The pandemic has forced many courts to quickly embrace technology, and some hope those positive experiences will inspire more attorneys to use tech tools as they return to courtrooms.
But many attorneys don't have the time and resources to prepare a presentation to the level of detail seen in the Chauvin case, said Jessica Silbey, a professor at the Boston University School of Law.
Michael Moore, the Beadle County State’s Attorney in eastern South Dakota, said cost is the top deterrent for many attorneys, followed by discomfort.
Moore said he frequently uses software to create timelines, display documents and other visual evidence in cases. He believes it's easier for jurors to follow his arguments and it saves time at trial compared to old-school handouts of photos or documents.
But more often than not, Moore said, courtrooms are not “wired” for lawyers who embrace such tools. Moore brings his own flat screen monitor to some trials to ensure jurors have a good view.

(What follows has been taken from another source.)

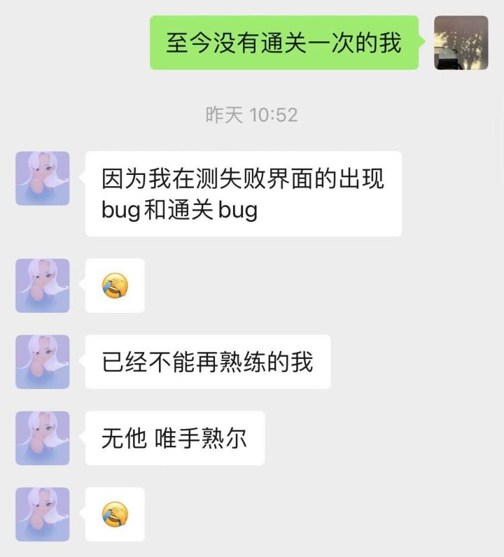 大家好,我是26号宇宙工作室的美术小a~笑哭了。已经是内部的第三轮测试了,剩最后一个游戏成功的结算画面没有画,但是我玩了不下20遍愣是一次都没有通关过,我看不到结算画面长啥样。程序小b表示她的最高记录是还能结余40秒。(我们是限时挑战游戏)至于她这么厉害的原因哈哈是因为为了测bug熟练地让人心疼小b无奈的给我截了图,并且略微

It's difficult to know how many courthouses in the U.S. can accommodate such technology.
Fred Lederer, director of the Center for Legal & Court Technology at William & Mary Law School, said decisions about purchasing the equipment — which has been around since the early 1990s — often involve judges and court administrators, local elected officials and IT staff, and can be “immensely complicated.”
Lawyers arguing a case involving critical video evidence cannot assume that everyone views it through the same lens. Silbey said. They have to focus jurors’ attention by slowing footage down, circling or highlighting an event, and narrating what is happening.
“Lawyers make a mistake if they assume people see what they see and that the video speaks for itself,” Silbey said.
People understand and remember information more easily when it's accompanied by a visual aid, Lederer said.
“Presenting information visually enables judges and jurors to better understand what’s happening,” he said. “And from a lawyer's standpoint, if you have good evidence, you can persuade better.”
Attorneys have to walk a rigid line, though. One memorable misstep triggered a New Jersey Supreme Court review and led justices to overturn a bank robbery conviction in January.